WORK REQUIRED: From the listing below, retype exactly the line holding "2000 y 2018 |", the line holding "Elf with flowers, cookie", and the lines between them; skip everything else.

___ RECORD EXCERPTS ___

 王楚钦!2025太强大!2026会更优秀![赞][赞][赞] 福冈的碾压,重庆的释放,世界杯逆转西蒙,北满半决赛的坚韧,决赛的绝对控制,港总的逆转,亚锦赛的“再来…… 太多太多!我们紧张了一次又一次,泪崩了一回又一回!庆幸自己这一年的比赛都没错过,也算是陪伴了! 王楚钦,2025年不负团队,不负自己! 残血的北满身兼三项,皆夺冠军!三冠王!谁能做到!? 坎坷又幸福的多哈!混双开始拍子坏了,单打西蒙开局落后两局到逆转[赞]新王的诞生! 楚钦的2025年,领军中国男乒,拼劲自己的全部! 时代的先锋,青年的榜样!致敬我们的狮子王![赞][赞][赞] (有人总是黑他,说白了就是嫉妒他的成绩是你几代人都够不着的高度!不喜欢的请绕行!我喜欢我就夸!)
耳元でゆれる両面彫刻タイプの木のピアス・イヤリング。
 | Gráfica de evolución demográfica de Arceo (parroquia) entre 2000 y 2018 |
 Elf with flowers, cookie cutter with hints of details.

___
___ RECORD EXCERPTS ___

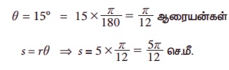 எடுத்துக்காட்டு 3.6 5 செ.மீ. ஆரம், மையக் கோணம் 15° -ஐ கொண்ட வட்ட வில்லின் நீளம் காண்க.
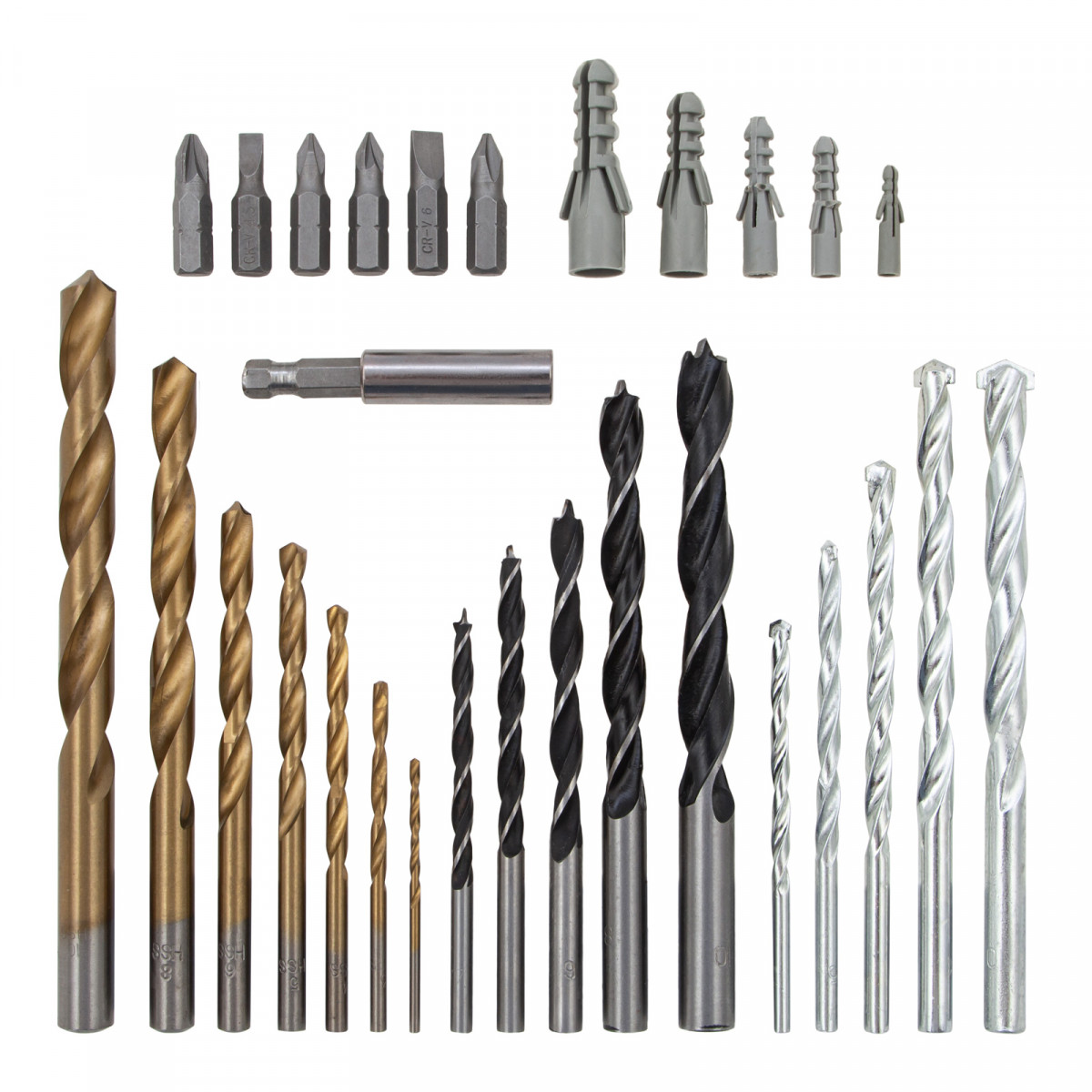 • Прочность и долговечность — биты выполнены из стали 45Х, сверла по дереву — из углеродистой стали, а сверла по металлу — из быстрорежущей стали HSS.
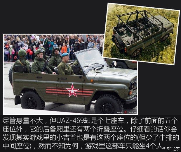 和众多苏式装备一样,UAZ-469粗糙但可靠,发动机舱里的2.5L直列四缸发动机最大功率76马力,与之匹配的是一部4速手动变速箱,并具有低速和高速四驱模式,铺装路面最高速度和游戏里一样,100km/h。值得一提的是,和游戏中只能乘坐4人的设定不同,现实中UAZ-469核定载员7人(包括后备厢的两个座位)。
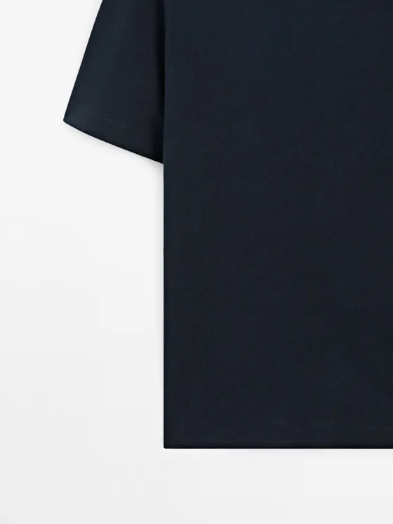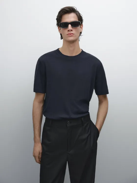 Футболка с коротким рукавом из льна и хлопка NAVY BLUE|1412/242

___

RESPONSE AREA:
 | Gráfica de evolución demográfica de Arceo (parroquia) entre 2000 y 2018 |
 Elf with flowers, cookie cutter with hints of details.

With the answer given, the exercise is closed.